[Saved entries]

%%

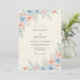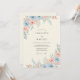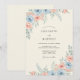 This design showcases a delicate watercolor palette featuring steel blue and peach blossoms. Lush sprigs of eucalyptus and ferns accent the composition, lending a soft botanical feel to the cream background. The ethereal floral arrangement of roses and greenery evokes a romantic and airy atmosphere for a seasonal ceremony.
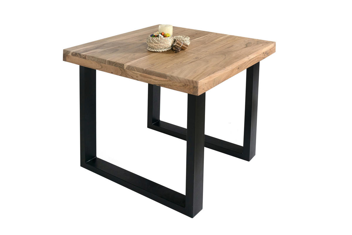 Trendiger Esszimmertisch Rio, 80 x 80 cm, Akazienholz massiv & naturfarben, gerade Tischkante (25 + 45 mm), U-Gestell Schwarz
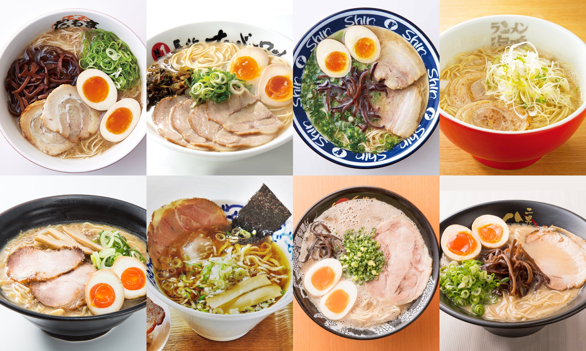 長浜ナンバーワン / 博多川端どさんこ / らーめん二男坊 / 元祖博多だるま / 博多醤油ラーメン 月や / 博多らーめんShin-Shin / ラーメン海鳴 / 博多一幸舎
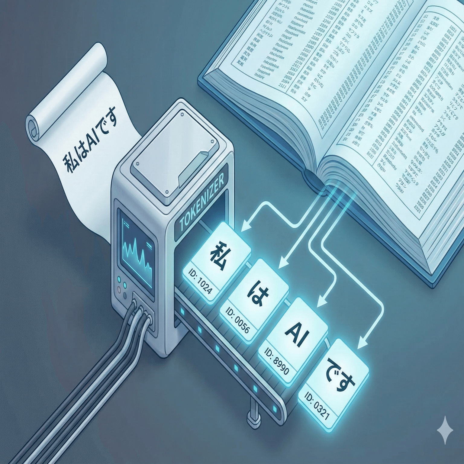 トークン化: AIはまず言葉を「文字の部品」にバラバラにして、「ID番号」に変換する(出席番号を振る)🔢
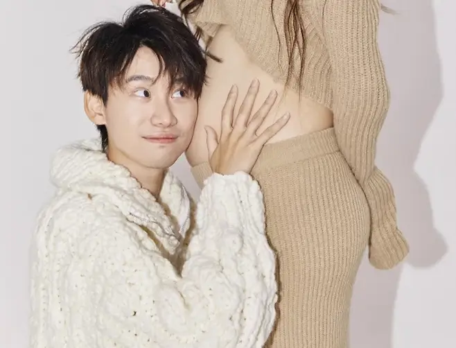 사진에서 도인비는 아내의 배에 얼굴을 갖다 대고 행복한 표정을 짓는가 하면 불룩한 배를 드러낸 아내 옆에서 함박웃음을 짓기도 한다.
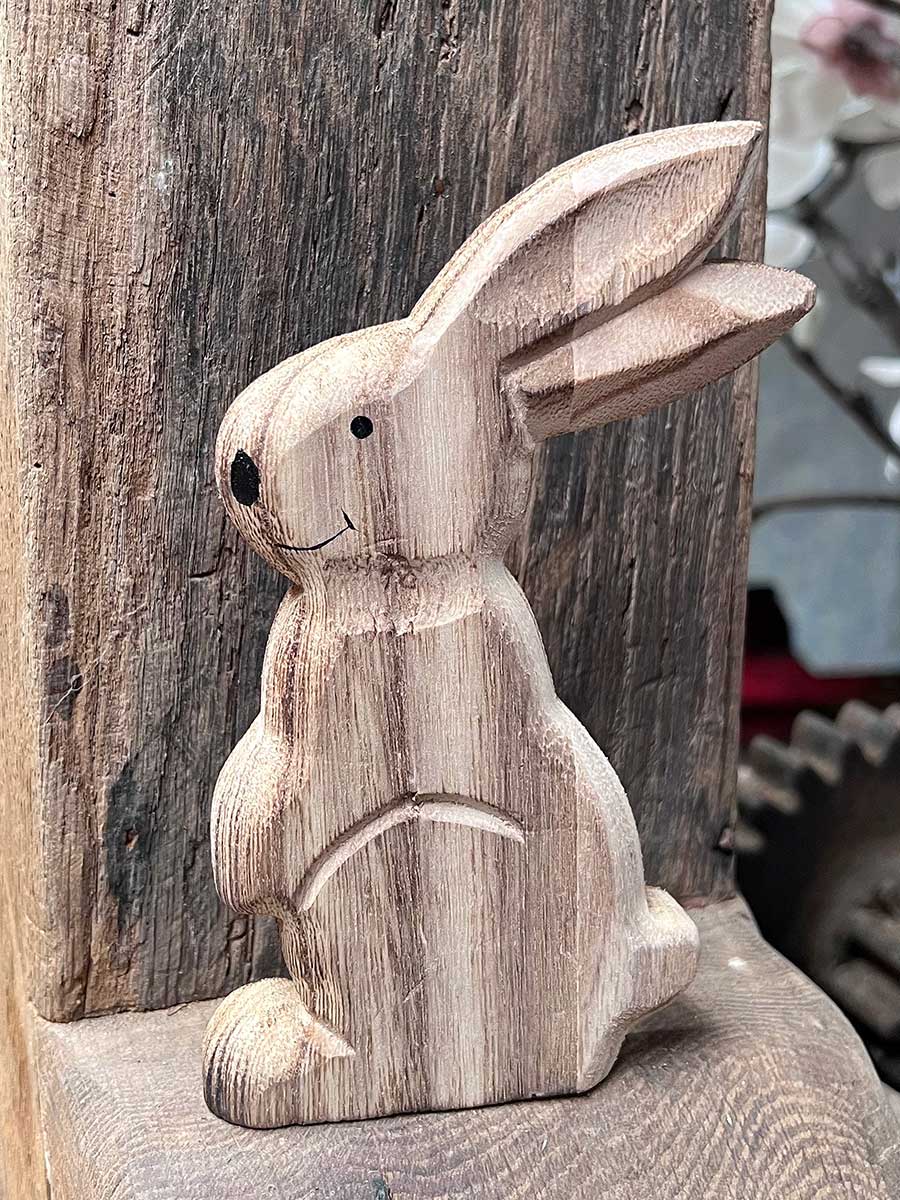 Shabby Vintage Holzhase stehend in Schnitzoptik, tolle Osterdekoration. Besonders hübsch wirkt der Hase in Kombination mit den anderen Farben.
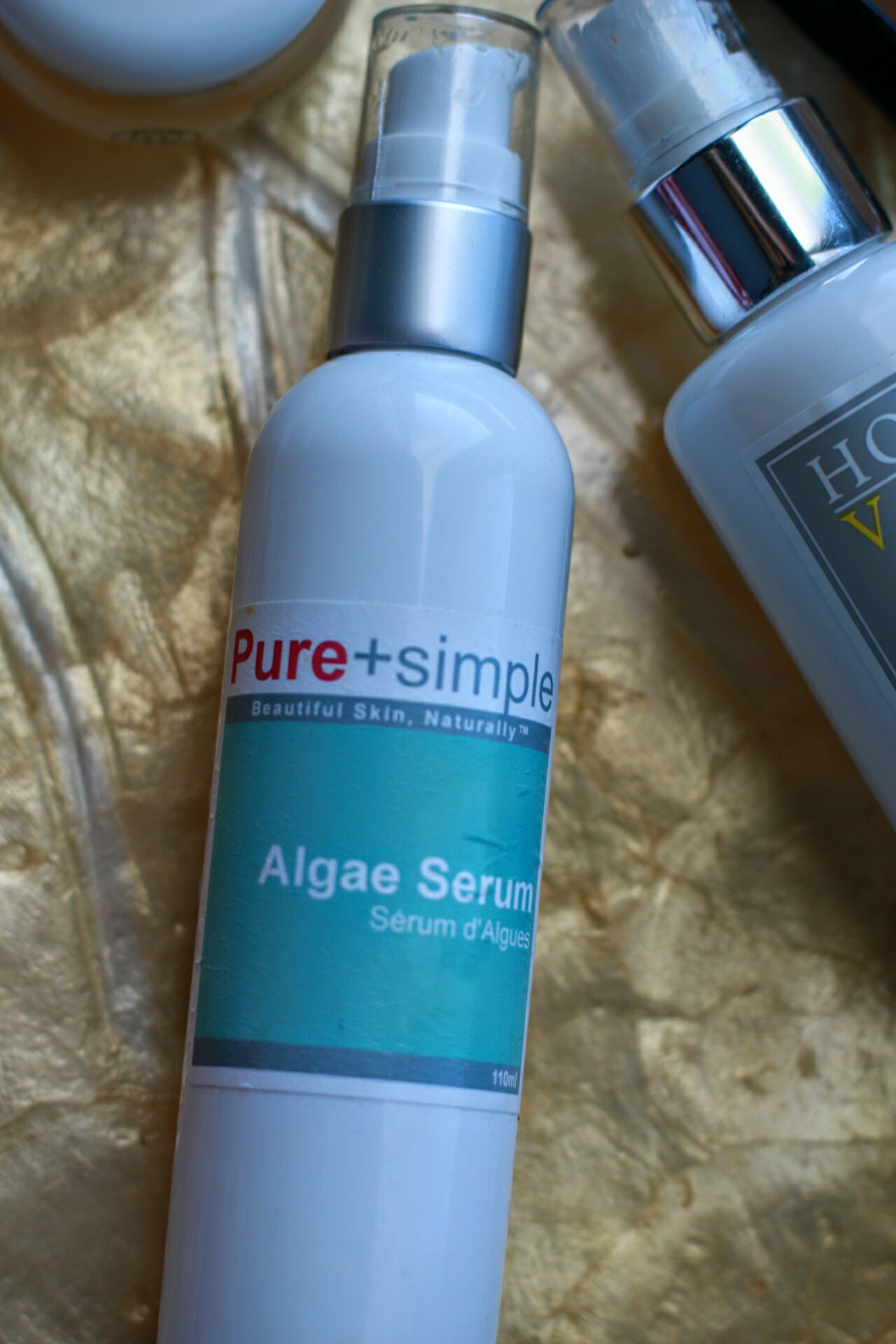I remembered Shameless Maya’s video on her skincare routine, and she raved about the Pure + Simple Algae Serum; she has oily skin and found that the serum alone left her skin feeling normal and moisturized. She also mentioned it can be found in a spa in Toronto.

%%

Please give the records above again exactly as they stand, with no pictures.

* Result for this exercise *
 This design showcases a delicate watercolor palette featuring steel blue and peach blossoms. Lush sprigs of eucalyptus and ferns accent the composition, lending a soft botanical feel to the cream background. The ethereal floral arrangement of roses and greenery evokes a romantic and airy atmosphere for a seasonal ceremony.
 Trendiger Esszimmertisch Rio, 80 x 80 cm, Akazienholz massiv & naturfarben, gerade Tischkante (25 + 45 mm), U-Gestell Schwarz
 長浜ナンバーワン / 博多川端どさんこ / らーめん二男坊 / 元祖博多だるま / 博多醤油ラーメン 月や / 博多らーめんShin-Shin / ラーメン海鳴 / 博多一幸舎
 トークン化: AIはまず言葉を「文字の部品」にバラバラにして、「ID番号」に変換する(出席番号を振る)🔢
 사진에서 도인비는 아내의 배에 얼굴을 갖다 대고 행복한 표정을 짓는가 하면 불룩한 배를 드러낸 아내 옆에서 함박웃음을 짓기도 한다.
 Shabby Vintage Holzhase stehend in Schnitzoptik, tolle Osterdekoration. Besonders hübsch wirkt der Hase in Kombination mit den anderen Farben.
I remembered Shameless Maya’s video on her skincare routine, and she raved about the Pure + Simple Algae Serum; she has oily skin and found that the serum alone left her skin feeling normal and moisturized. She also mentioned it can be found in a spa in Toronto.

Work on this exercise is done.